As the credit crunch reaches its first year anniversary, Ian Stringer, regional senior director at GVA Grimley, reviews the last 12 months and looks at what lies ahead for the property market.
Call me a bit 'long in the tooth' but experience and plain common sense leads me to believe that trends by their very nature will not continue irrevocably upwards.
Equally, against the background of relentless bad news, one might be forgiven for assuming that current trends will continue irrevocably downwards.
The fact is that property is a market commodity and despite efforts on the part of the Treasury and the Bank of England, markets work in cycles.
12 months ago the UK economy took a marked downward change of direction and we started to hear a set of new phrases.
Many cynically branded the terms ‘credit crunch’ and ‘sub-prime’ confusing and irrelevant, and rather ironically, often capped them off with ‘nothing to do with us in the UK anyway’.
We have learnt quickly that it has everything to do with us, having witnessed a subsequent massive impact on the property sector.
This has been a stark reminder of the experience of the early 1990s.
Market reversals are often sharp and painful when sentiment translates into reality and the two start chasing each other in a downward spiral.
Factually, the initial impact has been largely restricted to the residential market and the commercial investment sectors.
The House Builders Association expects only 80,000 new homes will be built this year, in comparison to 180,000 in 2007; a prediction echoed by the House Builders Federation’s recent plans to make half of their staff redundant.
This slowdown has had a corresponding effect on residential land values which have fallen by up to 20% in the first half of the year.
In the investment sector, the volume of transactions has not been so low for such a prolonged period for a generation.
This is partly a result of a lack of finance, although banks continue to voice that they are open for business.
Current speculation is that quarterly valuations undertaken in September and subsequently assessed by IPD (Investment Property Database) will show falls in investment values in excess of 20%, and possibly as much as 25%, over the last 12 months.
For a good nine months of the ‘crunch period’, occupational markets have generally held up well with demand steady in most sectors.
The hotel sector remained buoyant with retail and leisure probably suffering more than most at this stage in the cycle.
Conversely, and somewhat ironically, Birmingham is likely to see the highest ever level of annual take-up in the offices sector in 2008, with major deals to Wragge & Co (215,000 sq ft), Barclays (98,000 sq ft) and Deutchse Bank (68,000 sq ft) already confirmed this year.
Despite sector optimism about this record year, the offices and industrial sectors have recently noticed a discernible downward shift in occupational activity.
September is often a telling month in occupational markets when the industry can establish whether the quieter summer months are as a result of holidays, true lack of market activity or, as is most likely, a combination of the two factors.

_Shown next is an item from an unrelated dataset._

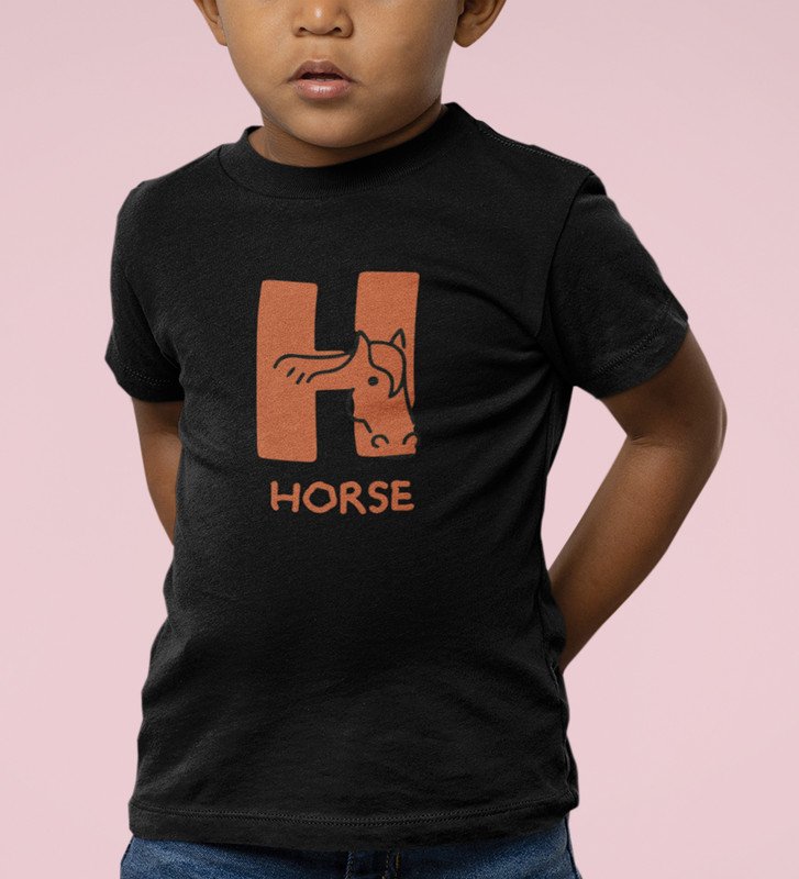 Homely Horse, Boys Round Neck Printed Blended Cotton Tshirt (Black)

With hindsight, I believe June 2008 will be identified as a turning point when businesses decided to pull in their horns, sit on their hands and do nothing about property decisions until they have to.

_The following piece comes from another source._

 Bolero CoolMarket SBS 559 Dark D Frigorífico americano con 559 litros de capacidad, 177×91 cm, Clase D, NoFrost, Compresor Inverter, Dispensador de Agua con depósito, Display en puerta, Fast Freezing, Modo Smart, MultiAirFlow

It is an old adage that when it comes to incurring increased costs during difficult times, the easiest decision is to make is no decision at all.

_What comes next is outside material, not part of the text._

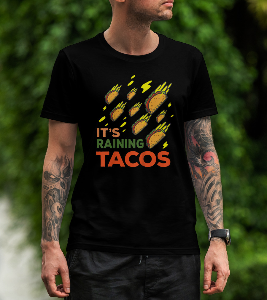 It's Raining Tacos Surreal Fun Food Drops With Lightning And Colorful Accents T-Shirt

Will all this mean a drop in rents?
Ultimately this will depend upon ongoing demand, which in turn is partly a reflection of economic activity within the UK.
I foresee rents holding up reasonably well.
Ultimately however, this will depend on whether we find ourselves in a prolonged period of low economic growth or whether the next 12 months see inflation falling, enabling a reduction in interest rates to reinvigorate the economy.
The next 6-12 months will undoubtedly provide opportunities for well financed investors to buy at prices not seen in a generation.
One man’s misfortune is another man’s opportunity and as always in investment, timing is everything. And time will certainly tell!